→ **WORK TO COMPLETE**
Starting with the line with "Figure 1. Toxic" in the entries below and going on through the line with "So, next up…", output every line exactly and nothing more. No pictures.

→ **DATA TO EXAMINE**
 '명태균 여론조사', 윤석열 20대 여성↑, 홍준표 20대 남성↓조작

==

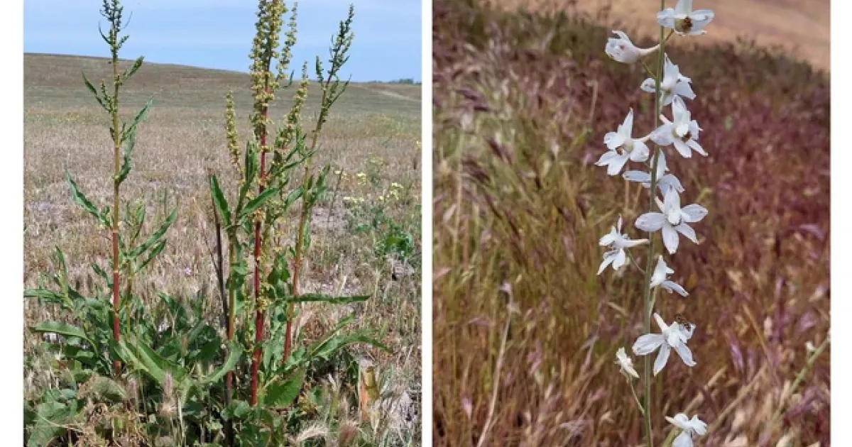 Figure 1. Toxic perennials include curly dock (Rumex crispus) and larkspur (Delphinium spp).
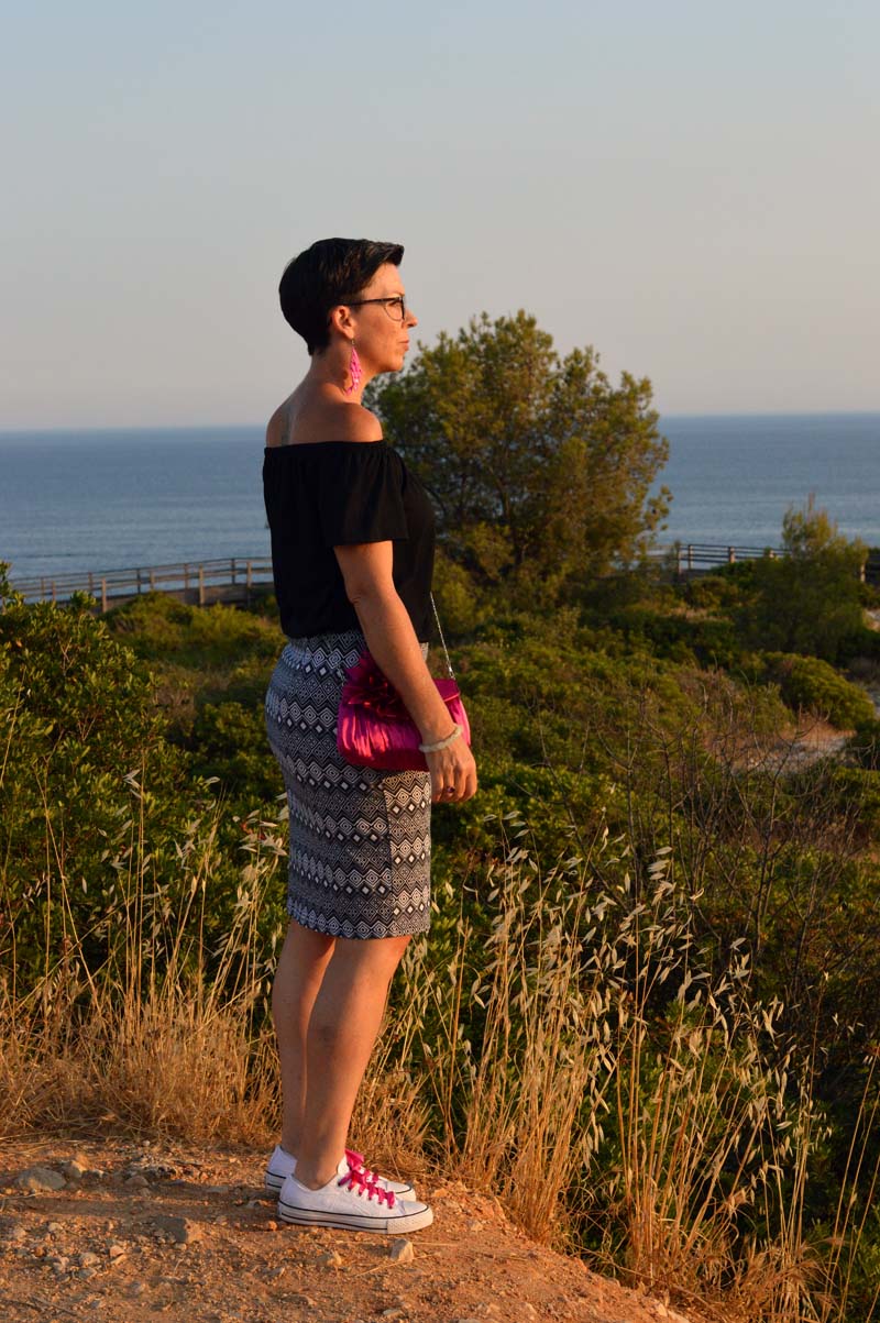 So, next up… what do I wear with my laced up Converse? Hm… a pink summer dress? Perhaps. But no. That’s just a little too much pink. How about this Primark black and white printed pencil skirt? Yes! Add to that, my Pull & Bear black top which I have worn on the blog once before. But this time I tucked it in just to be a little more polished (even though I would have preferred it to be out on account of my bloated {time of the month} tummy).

---

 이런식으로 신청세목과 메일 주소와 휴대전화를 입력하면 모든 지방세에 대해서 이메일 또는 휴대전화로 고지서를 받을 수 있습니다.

→ **RESPONSE TO THE EXERCISE**
 Figure 1. Toxic perennials include curly dock (Rumex crispus) and larkspur (Delphinium spp).
 So, next up… what do I wear with my laced up Converse? Hm… a pink summer dress? Perhaps. But no. That’s just a little too much pink. How about this Primark black and white printed pencil skirt? Yes! Add to that, my Pull & Bear black top which I have worn on the blog once before. But this time I tucked it in just to be a little more polished (even though I would have preferred it to be out on account of my bloated {time of the month} tummy).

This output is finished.